::: Input records :::

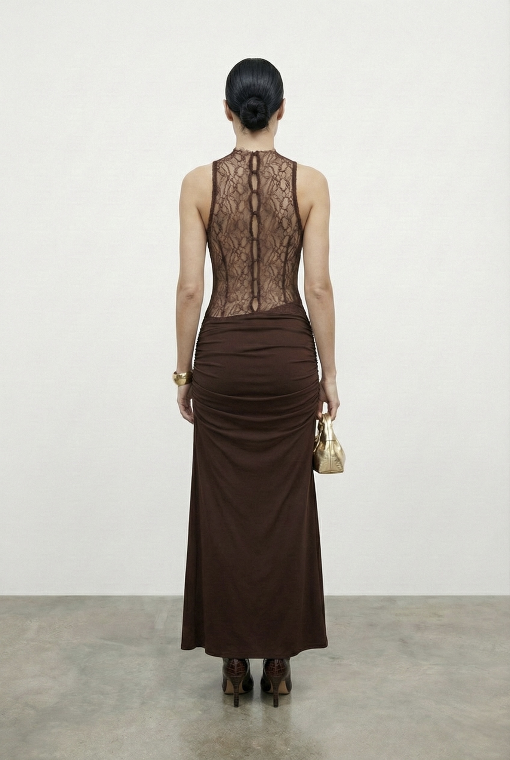 Paula Sırt Dekolteli Tasarım Elbise Kahverengi
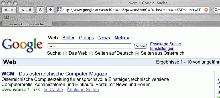 .. hab es gerade selber unter "Panther" ausprobiert, du musst dich als Admin anmelden, das Tool hab ich dann ins Verzeichnis Programme.. Dienstprogramme gezogen.. nach dem ersten Aufruf musst du die Safari Paketdatei anwählen, wenn du nun das Tool startest kannst du Google Austria wählen und auf Anwenden gehen, im Safari steht dir dann die Google Seite mit dem Zusatz "Seiten aus Österreich" zur Verfügung, siehe Screenshot.. .. Tool ist in Deutsch, wenn du "Safari Enhancer" nicht mehr brauchst kannst du alles löschen, die Einstellung in Google bleibt trotzdem.. http://666kb.com/i/akp2t2kpmjmul2u0b.jpg |
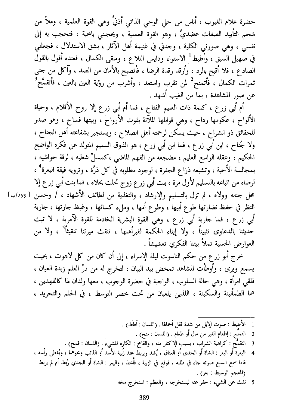 أم أبي زرع، كلمة ذات العليم الفتاح، فما أم أبي زرع إلا روح الأقلام، وحياة الألواح، عكومها رداح، وهي قوابلها الملآنة بقوت الأرواح، وبيتها فساح، وهو صدر للحقائق ذو انشراح، حيث يسكن لرحمته أهل الصلاح، ويستجير بشفاعته أهل الجناح، ولا جناح، ابن أبي زرع، فما ابن أبي زرع، هو الذوق السليم المتولد عن فكره الواضح الحكيم، وعقله الواسع العليم، مضجعه من الفهم الماضي، كمسلّ شطبه، لرقة حواشيه، بمجالسة الأحبة، وتشبعه ذراع الجفرة، لوجود مطلوبه في كل ذرّة، وترويه فيقة اليعرة [4] ، لرضاه من اتباعه بالتسليم لأول مرة، بنت أبي زرع زوج تحلت بحلاه، فما بنت أبي زرع إلا محل جنابه وولاه، لم تزل بالتسليم والإرشاد، والتغذية من لطائف الأشهاد،/ وحسن النظر في حفظ نضارتها طوع أبيها، وطوع أمها، وملء كسائها، وغيظ جارتها، جارية أبي زرع، فما جارية أبي زرع، وهي القوة البشرية الخادمة للقوة الآمرية، لا تبث حديثنا بالدعاوى تثبيتا، ولا إيتاء الحكمة لغير أهلها، تنقث ميرتنا تنقيثا [5] ، ولا من العوارض الحسية تملأ بيتنا الفكري تعشيشا.
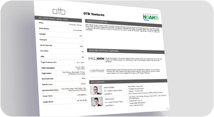 OTB Ventures KEY CORPORATE FACTS / KPIS INVESTOR DESCRIPTION Offices Amsterdam, Warsaw OTB(Outside The Box) Ventures invests in European and Israeli technology companies at Early Growth stage (post-product, post-revenue, typically Series A) with a ticket size ranging from $1M to $10M. It has offices in Amsterdam and Warsaw with extensive network in the region and experience in supporting international expansion of portfolio companies. Its main areas of interest are Big Data/AI, Cybersecurity, FinTech, IoT, Robotics and Active Markets CEE and Israel Cloud/SaaS. Founded 2017 Employees 7 Current Fund Size $53m Use of Debt No SELECTED PORTFOLIO COMPANIES AUM N/A SpaceKnowoperates in the market of Satellite Imagery Analytics. It uses high & low resolution commercial (raw) imagery from satellite operators (e.g. DigitalGlobe) in order to provide targeted industrial, financial and geo Target Investment Size $1m-$10m intelligence. Target Geographies Europe (~80%) Israel (~20%) Cosmoseprovides location technology that allows retailers to target offline customers via online channels. Target Sectors Cyber Security, Big Data/AI, FinTech, Proprietary WiFi indoor positioning technology enables to identify customers with 2m accuracy to analyze IoT/Robotics, Cloud & SaaS customer behavior and conduct targeted Ad campaigns via FB, Google, WeChat etc. Investment Style Active Deal Structures Minority KEY CONTACTS Key Investment Criteria Early Growth Stage: Post-Product, Post- ADAM NIEWINSKI • Bank PEKAO – Deputy CEO Revenue and Pre-Profitability [Photo] Co – Founder & General Partner • The Boston Consulting Group • Expander – Founder & CEO Contact Email monika@otb.vc adam@otb.vc • Alumni: Warsaw School of Economics & GSB on Stanford University Contact Phone +48 726 730 035 MARCIN HEJKA • Intel Capital – Vice President, Managing Director EMEA + India, Investment Committee Member [Photo] Co – Founder & General Partner • Poland Growth Fund, VP marcin@otb.vc • Paribas Capital Markets/Banexi • Alumni: Gdansk University 29
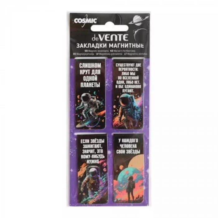 Закладка для книг магнитная 25*56.6мм "Cosmic" 4шт/уп е/п DEVENTE 8065407 645297
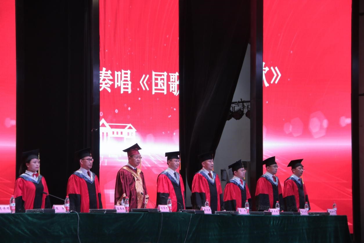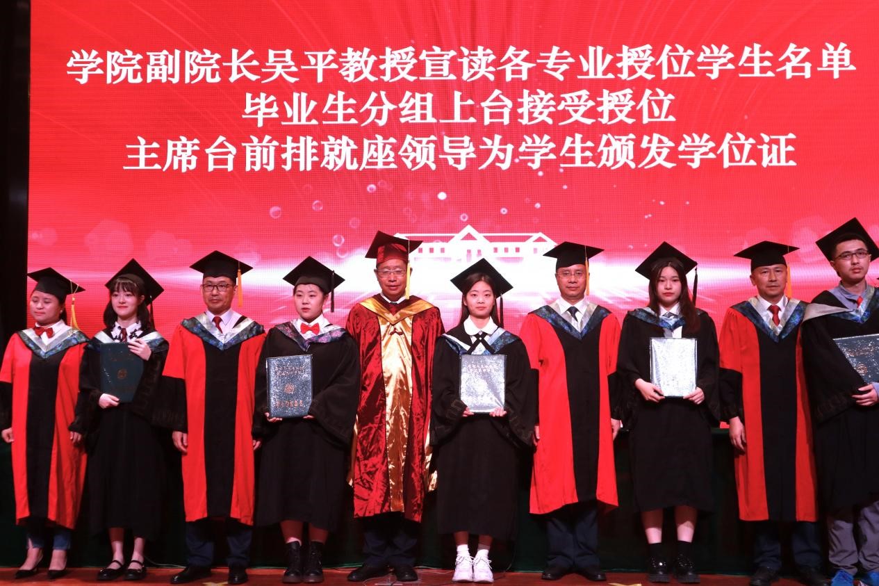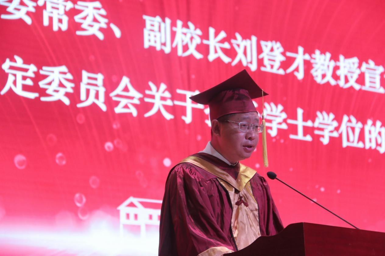 刘登才副校长宣读学位评定委员会关于授予学士学位的决议后,主席台就座的领导和老师为490名毕业生授位并颁发学位证。
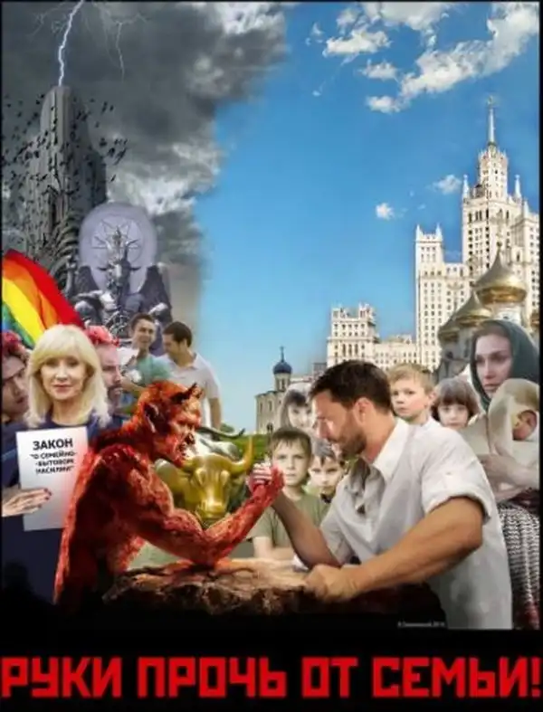 Как мы видим, Джейми противостоит Оксане Пушкиной, которая активно выступает за закон о домашнем насилии. А ее убеждения защищает сам дьявол, вступивший в схватку с актером. А для пущей выразительности на фоне Пушкиной развивается ЛГБТ-флаг и идол демона Бафомета.
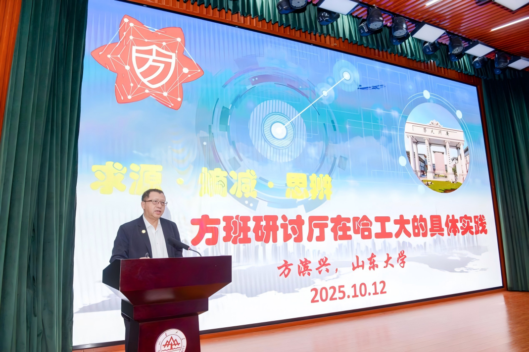 10月12日下午,方滨兴院士做客“鳌山讲坛”,做了题为《求源 熵减 思辨——方班研讨厅在哈工大的具体实践》的主题报告。方滨兴院士阐述了“方班研讨厅”这一创新教学模式的创立背景和发展历程。他指出,方班研讨厅的核心要素是“求源、熵减、思辨”,“求源”是指学生在学习过程中要知其然并知其所以然,通过输出倒逼输入,深化对知识的理解和掌握;“熵减”是一种归纳总结的能力,通过做减法和乘法,将复杂问题简化,提炼出核心要素;“思辨”强调批判质疑和形成创新观点,通过提出问题、质辩和形成新观点,培养学生的创新思维能力。
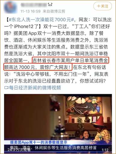 美團曾經爆出過一份消費數據:一位東北大哥在洗浴中心一天就消費了7000多元,相當於洗掉了一台新款的iPhone。
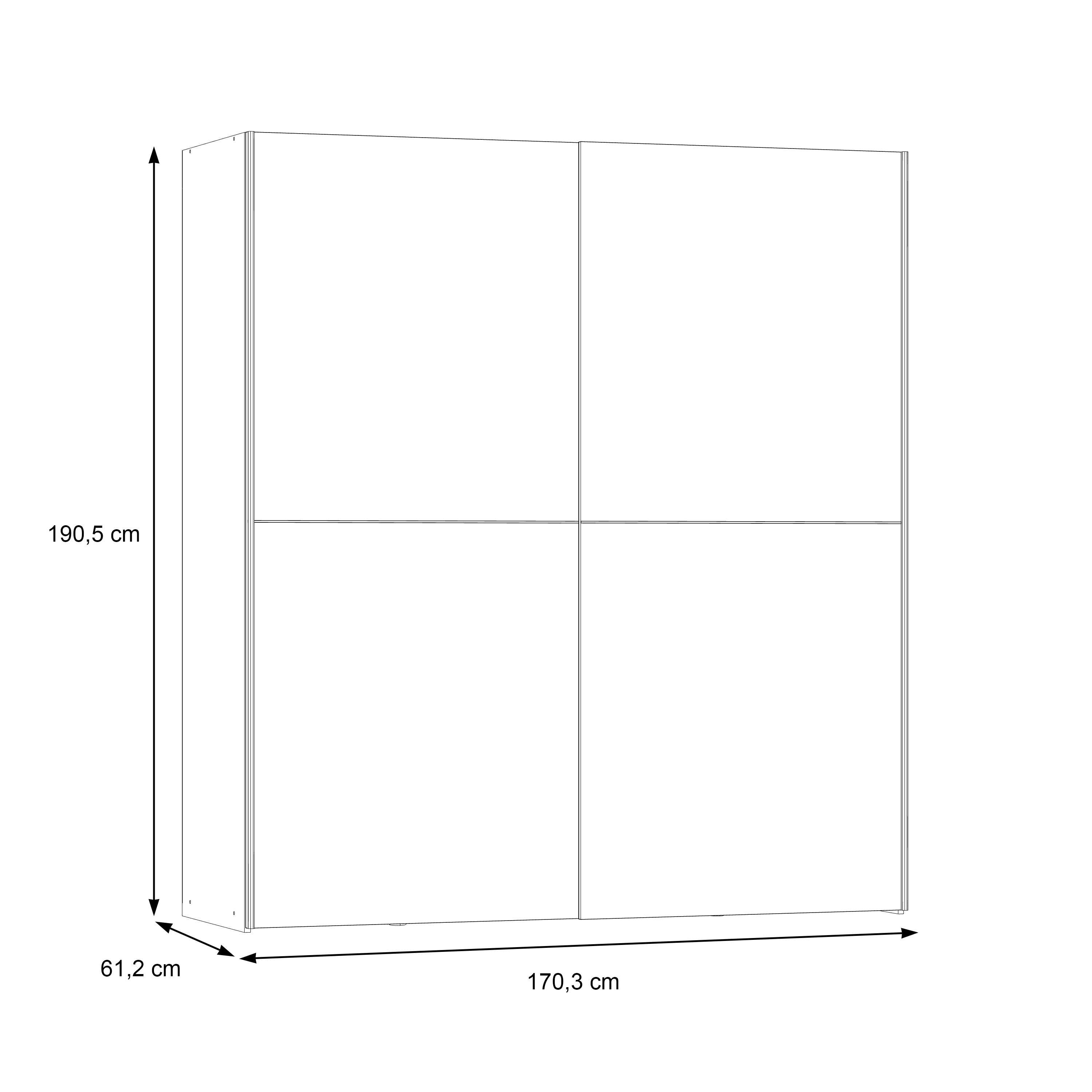 | Schwebetürenschrank | 170,3 | 190,5 | 61,2 |
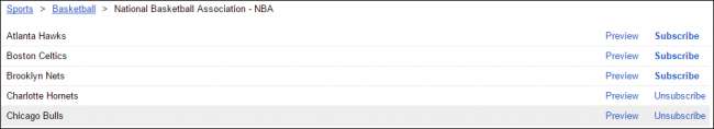 다음 화면에서 팀 이름 옆에있는 "구독"버튼을 클릭하여 팀을 선택할 수 있습니다. 나중에 참고할 수 있도록 여기에서 해당 팀의 시청을 중단 할 경우 구독을 취소 할 수도 있습니다.
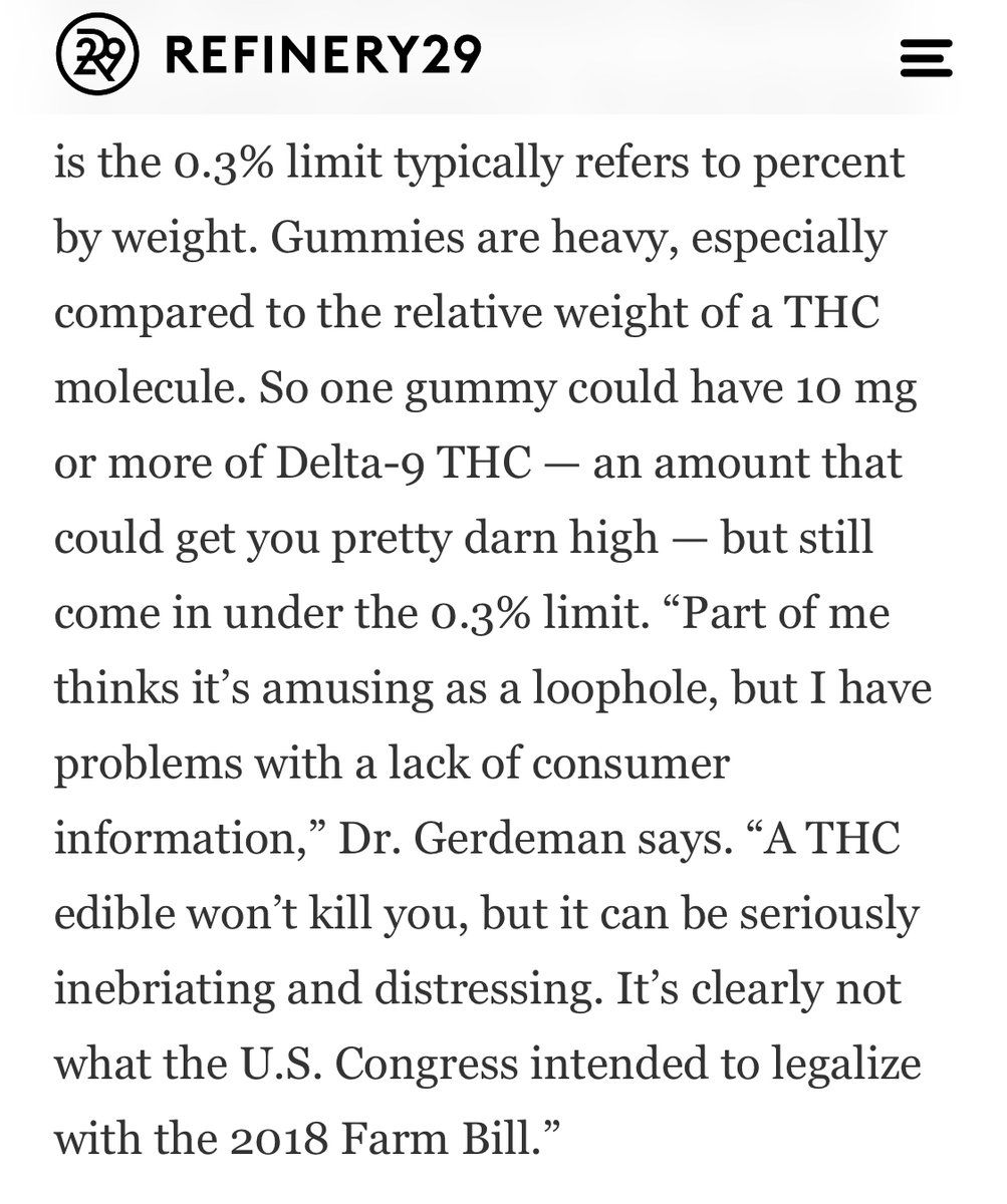 Am I understanding correctly here that the 2018 Farm Bill inadvertently legalized THC edibles nationwide by failing to take into account that percentage-by-weight isn’t a great way to restrict content of a mind-altering substance refinery29.com/en-us/2021/08/10519251/what-is-delta-8-thc-gummies
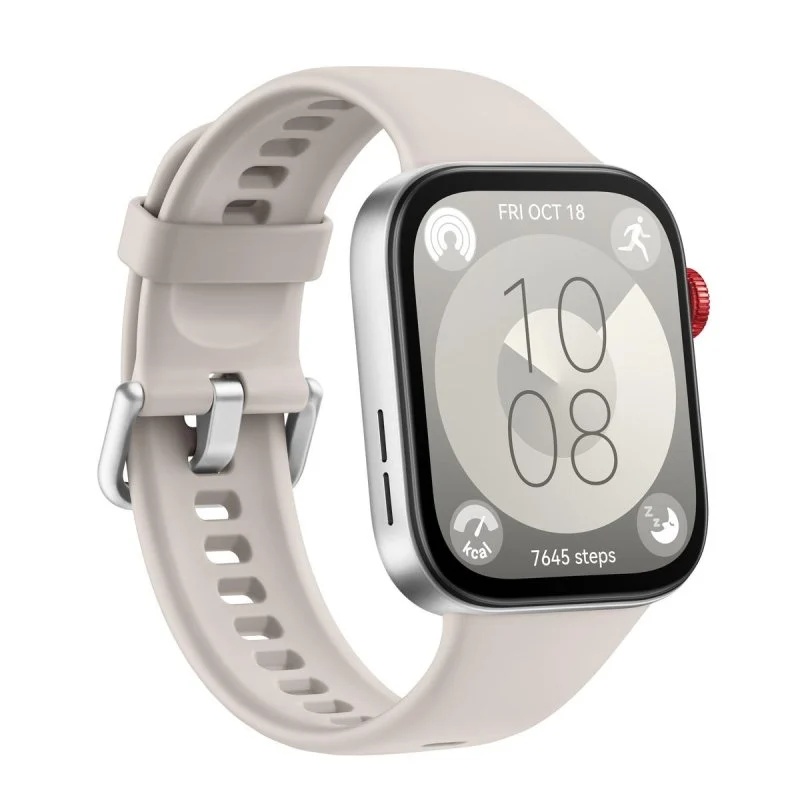 Huawei Watch Fit 3 es un reloj inteligente que cuenta con una pantalla AMOLED de 1,82 pulgadas. Dispone de una resolución de 466 x 280 píxeles. Este dispositivo incluye funciones de monitoreo de frecuencia cardíaca, seguimiento de sueño y medición de niveles de oxígeno en sangre. Además, posee más de 100 modos de entrenamiento y es capaz de detectar automáticamente algunos ejercicios. Su batería tiene una duración de hasta 10 días con un uso estándar. El reloj es compatible con sistemas operativos iOS y Android a través de la aplicación Huawei Health. El dispositivo también ofrece notificaciones de llamadas, mensajes y aplicaciones. Incorpora GPS integrado, lo cual permite un seguimiento preciso de distancias y rutas durante actividades al aire libre. Huawei Watch Fit 3 es resistente al agua con una clasificación de 5 ATM, lo que permite su uso en natación y actividades acuáticas. El peso del reloj es de aproximadamente 34 gramos. Este modelo utiliza un material de polímero para la caja y tiene correas intercambiables para adaptarse a diferentes preferencias del usuario. La conectividad se realiza a través de Bluetooth 5.0. La capacidad de almacenamiento de datos de actividad es de hasta 30 días.
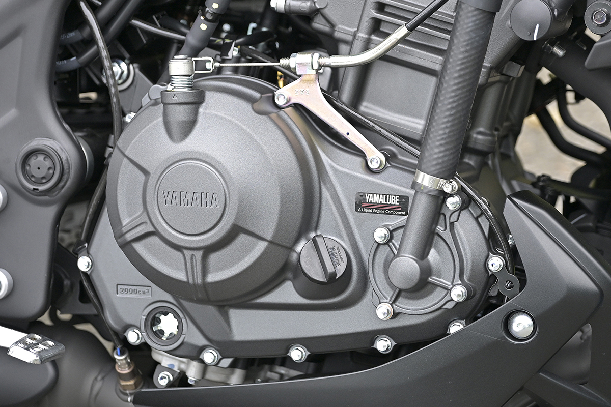 これは新たに採用されたアシスト&スリッパークラッチの効果。レバー操作を軽くすると同時に、急激なエンジンブレーキがかかったときにリヤタイヤがホッピングする(跳ねる)ことを抑制するシステム。

:::

→ **What to work on**: Leave the pictures out and copy exactly the lines from the one that holds "Am I understanding" through the last line of the material.

→ **Written solution**:
 Am I understanding correctly here that the 2018 Farm Bill inadvertently legalized THC edibles nationwide by failing to take into account that percentage-by-weight isn’t a great way to restrict content of a mind-altering substance refinery29.com/en-us/2021/08/10519251/what-is-delta-8-thc-gummies
 Huawei Watch Fit 3 es un reloj inteligente que cuenta con una pantalla AMOLED de 1,82 pulgadas. Dispone de una resolución de 466 x 280 píxeles. Este dispositivo incluye funciones de monitoreo de frecuencia cardíaca, seguimiento de sueño y medición de niveles de oxígeno en sangre. Además, posee más de 100 modos de entrenamiento y es capaz de detectar automáticamente algunos ejercicios. Su batería tiene una duración de hasta 10 días con un uso estándar. El reloj es compatible con sistemas operativos iOS y Android a través de la aplicación Huawei Health. El dispositivo también ofrece notificaciones de llamadas, mensajes y aplicaciones. Incorpora GPS integrado, lo cual permite un seguimiento preciso de distancias y rutas durante actividades al aire libre. Huawei Watch Fit 3 es resistente al agua con una clasificación de 5 ATM, lo que permite su uso en natación y actividades acuáticas. El peso del reloj es de aproximadamente 34 gramos. Este modelo utiliza un material de polímero para la caja y tiene correas intercambiables para adaptarse a diferentes preferencias del usuario. La conectividad se realiza a través de Bluetooth 5.0. La capacidad de almacenamiento de datos de actividad es de hasta 30 días.
 これは新たに採用されたアシスト&スリッパークラッチの効果。レバー操作を軽くすると同時に、急激なエンジンブレーキがかかったときにリヤタイヤがホッピングする(跳ねる)ことを抑制するシステム。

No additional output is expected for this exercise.